1. **Text Hallucination:** The model may occasionally generate repeated or incorrect text due to the inherent complexities of OCR tasks.
1. **Erroneous Image Paths:** There are instances where the model outputs image paths that are not relevant to the input, indicating occasional confusion.
1. **Context Length Constraint:** The model has a maximum context length of 2048 tokens, which may result in incomplete transcriptions for longer book pages.

## Intended Use

The arabic-large-nougat OCR is designed for tasks that involve converting images of Arabic book pages into structured text, especially when Markdown format is desired. It is suitable for applications in the field of digitizing Arabic literature and facilitating text extraction from printed materials.

## Ethical Considerations

It is crucial to be aware of the model's limitations, particularly in instances where accurate OCR results are critical. Users are advised to verify and review the output, especially in scenarios where precision is paramount.

## Model Details

- **Developed by:** Mohamed Rashad
- **Model type:** VisionEncoderDecoderModel
- **Language(s) (NLP):** Arabic & English
- **License:** GPL 3.0

## Acknowledgment

If you use or build upon the arabic-large-nougat OCR, please acknowledge the model developer and the open-source community for their contributions. Additionally, be sure to include a copy of the GPL 3.0 license with any redistributed or modified versions of the model.
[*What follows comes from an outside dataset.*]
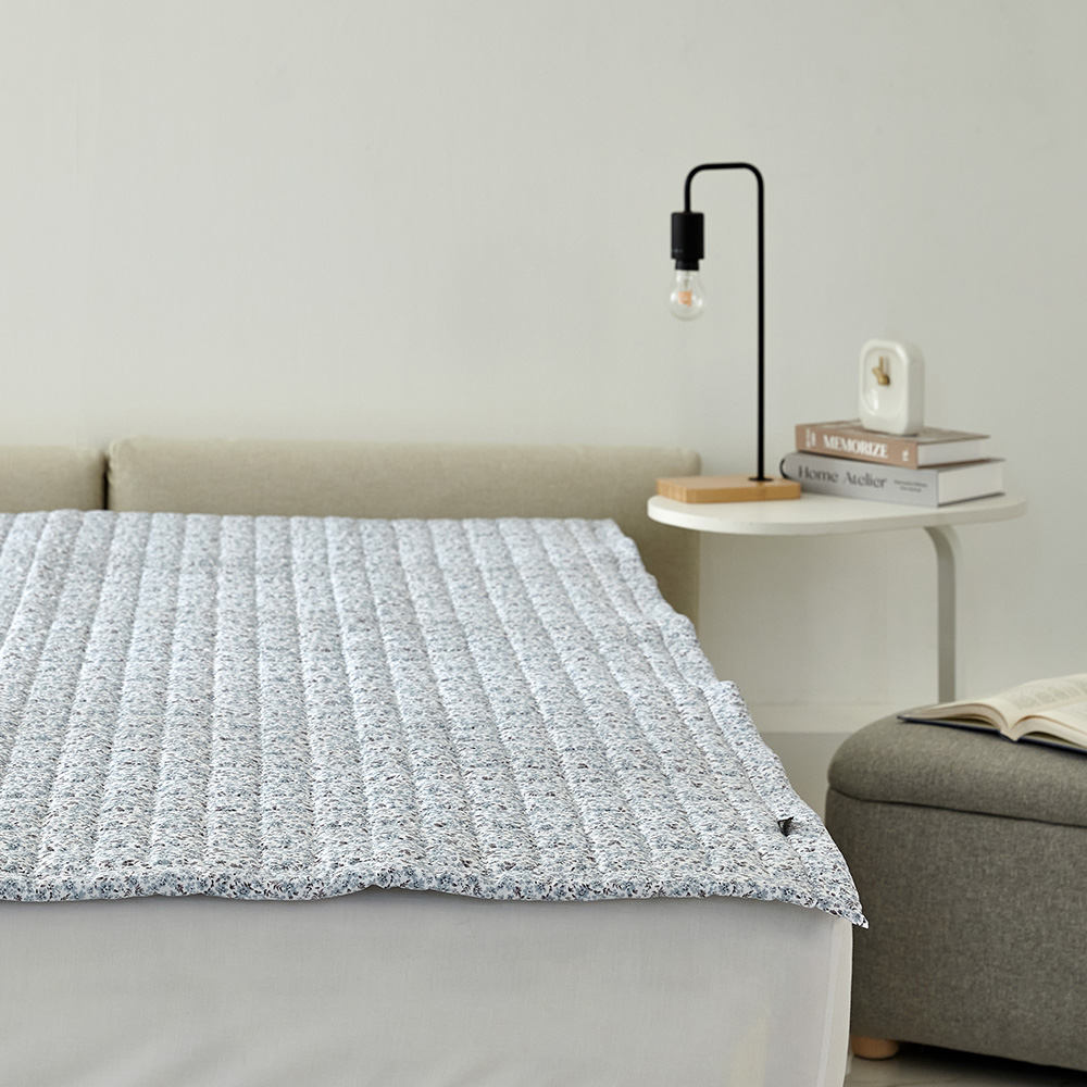 두툼하고 부드러움. 카페트라기엔 좀 작고, 토퍼 위에 놓으니 사이즈 딱 맞음

By selecting the GPL 3.0 license, you promote the principles of open source and ensure that the benefits of the model are shared with the broader community.

### Citation

If you find this model useful, please cite the corresponding research paper:
```bibtex
@misc{rashad2024arabicnougatfinetuningvisiontransformers,
      title={Arabic-Nougat: Fine-Tuning Vision Transformers for Arabic OCR and Markdown Extraction}, 
      author={Mohamed Rashad},
      year={2024},
      eprint={2411.17835},
      archivePrefix={arXiv},
      primaryClass={cs.CL},
      url={https://arxiv.org/abs/2411.17835}, 
}
```

### Disclaimer

The arabic-large-nougat OCR is a tool provided "as is," and the developers make no guarantees regarding its suitability for specific tasks. Users are encouraged to thoroughly evaluate the model's output for their particular use cases and requirements.